The hash descriptor type THashDesc defines the basic properties and functions
of a specific hash algorithm (some fields are reserved for future extensions).
Every specific unit has a private variable of type THashDesc, which is used in
the initialization part to register the hash. This means, that a specific unit,
whose hash algorithm shall be used in an application, must appear in the uses
statement of the application or another unit. The registered hash algorithms
are collected in an array[THashAlgorithm] of PHashDesc in the implementation
part of the hash unit.

The FindHash_by... routines are used to get the descriptor of a specific hash
algorithm for use with HMAC or key derivation functions.

The specific units

These units contain all the code and data for a single specific of the 19
supported hash algorithms: MD4, MD5, RIPEMD-160, SHA1, SHA224, SHA256, SHA384,
SHA512, SHA512/224, SHA512/256, SHA3-224, SHA3-256, SHA3-384, SHA3-512,
Blake2S-224, Blake2S-256, Blake2B-384, Blake2B-512, and Whirlpool. Note: Most
code for the SHA3 algorithms is in SHA3.pas, which also handles the XOF
functions SHAKE128/256; additionally it contains a separate function
SHA3_FinalBit_LSB to process the final trailing LSB bits of a message (due to
NIST's unfortunate decision to change the SHA3 bit-ordering compared to all
former SHA versions).

The MD4 and MD5 functions are broken: collisions are known and can be
constructed within minutes using desktop computers; and recently collisions for
SHA1 are published. The three functions are included for completeness but
should not be used for new applications. Their corresponding HMAC functions are
still considered safe.

Every unit interfaces a uniform set of functions (where [Hash] is substituted
by an algorithm specific string):

procedure [Hash]Init(var Context: THashContext);
  {-initialize context}

procedure [Hash]Update(var Context: THashContext; Msg: pointer; Len: word);
  {-update context with Msg data}

procedure [Hash]UpdateXL(var Context: THashContext; Msg: pointer; Len: longint);
  {-update context with Msg data}

procedure [Hash]Final(var Context: THashContext; var Digest: T[Hash]Digest);
  {-finalize [Hash] calculation, clear context}

procedure [Hash]FinalEx(var Context: THashContext; var Digest: THashDigest);
  {-finalize [Hash] calculation, clear context}

procedure [Hash]FinalBitsEx(var Context: THashContext; var Digest: THashDigest; BData: byte; bitlen: integer);
  {-finalize [Hash] calculation with bitlen bits from BData (big-endian), clear context}

procedure [Hash]FinalBits(var Context: THashContext; var Digest: T[Hash]Digest; BData: byte; bitlen: integer);
  {-finalize [Hash] calculation with bitlen bits from BData (big-endian), clear context}

function  [Hash]SelfTest: boolean;
  {-self test for [Hash]}

procedure [Hash]Full(var Digest: T[Hash]Digest; Msg: pointer; Len: word);
  {-[Hash] of Msg with init/update/final}

procedure [Hash]FullXL(var Digest: T[Hash]Digest; Msg: pointer; Len: longint);
  {-[Hash] of Msg with init/update/final}

procedure [Hash]File(fname: String; var Digest: T[Hash]Digest; var buf; bsize: word; var Err: word);
  {-[Hash] of file, buf: buffer with at least bsize bytes}

The [Hash]Init procedure starts the hash algorithm (initialize the THashState
field and clear the rest of the context); it must be called before using the
other procedures with this context record.

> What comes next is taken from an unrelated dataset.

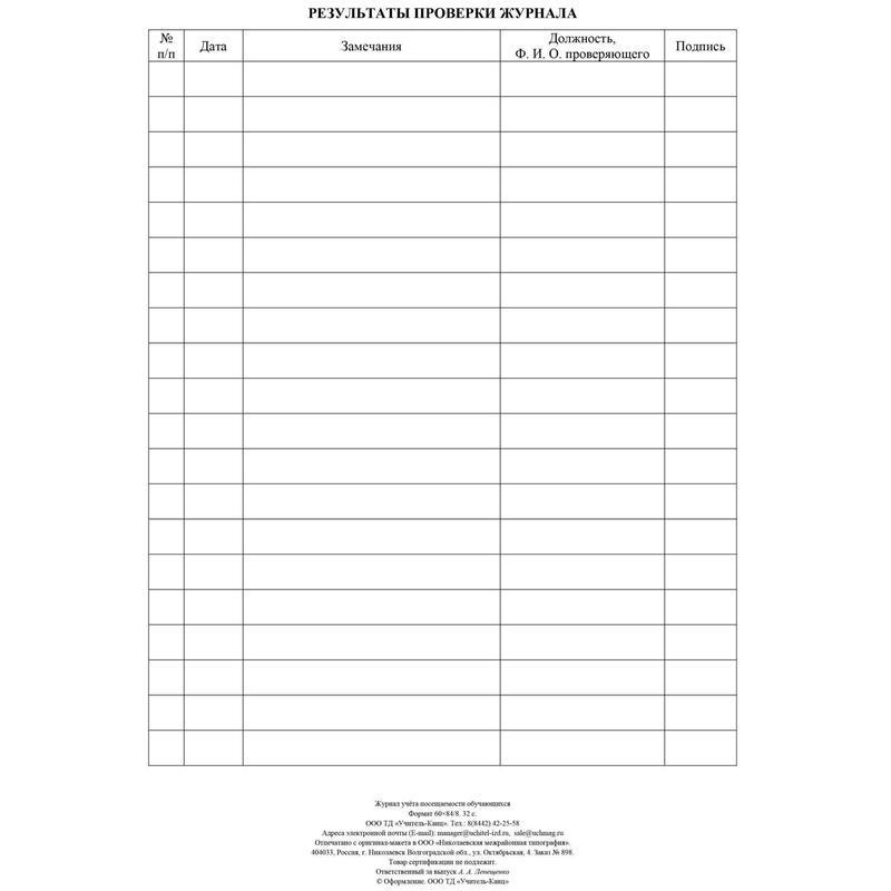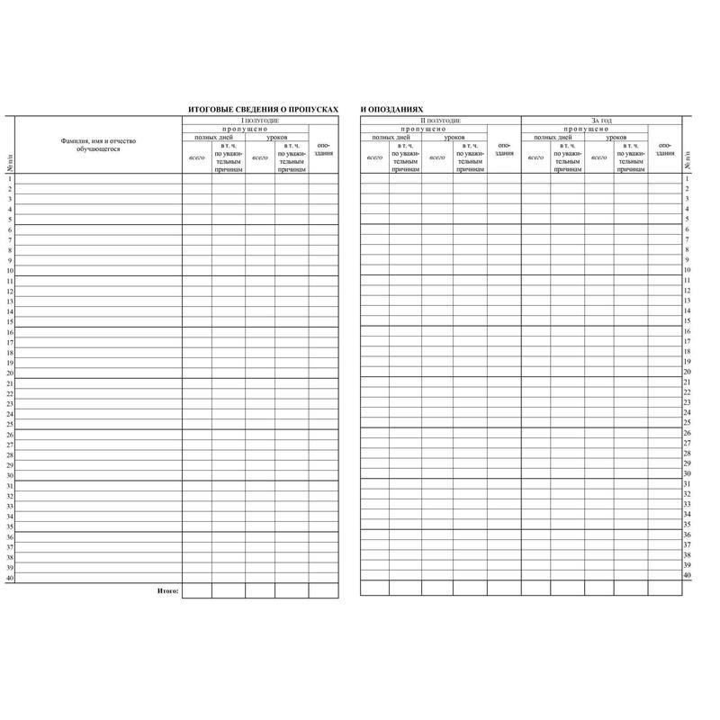 В журнале учета занятий фиксируются сведения о ежедневной посещаемости учащихся, о причинах пропусков. В итоговой таблице отображаются результаты за четверти, полугодия, год.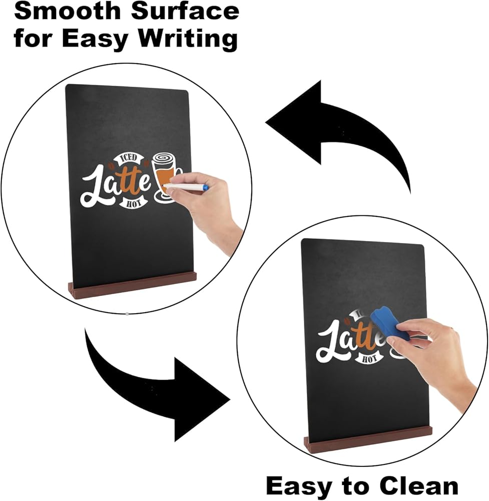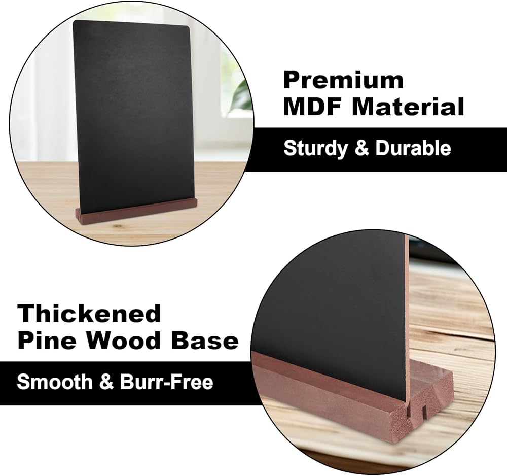 • المواد الممتازة: لوحة علامة السبورة سطح المكتب مصنوعة من MDF سميكة ، قوية ودائمة ، وليس من السهل كسرها. القاعدة هي خشب الصنوبر الصلبة ، ناعمة وخالية من الأشرار. بالإضافة إلى ذلك ، يمكن استخدام لوحة علامة السبورة للرسم والكتابة على كلا الجانبين ، يمكنك أن تطمئن إلى استخدامها

The [Hash]Update procedures hash the contents of a buffer; they can be called
repeatedly or in a loop.

To get the hash result (the hash digest), one of the [Hash]Final procedures
must be called.

To hash a message with a bit length L that is not a multiple of 8, use the
[Hash]Update procedures for the (L div 8)*8 complete bytes, then use one of the
[Hash]FinalBits procedures to process the remaining L mod 8 bits. The
(big-endian) bit positions used from the BData parameter are given by
BitAPI_Mask[L mod 8]. Blake2 does not support bit-sized messages and the
trailing bits are ignored.

In order to test the implementation and compilation the [Hash]SelfTest can be
called, it compares the hash digests of known buffers (also known as test
vectors) against known answers. At least two test vectors are processed with
two different strategies for the byte versions, and one or two tests are done
for the bit API. The answer is true if all tests are passed.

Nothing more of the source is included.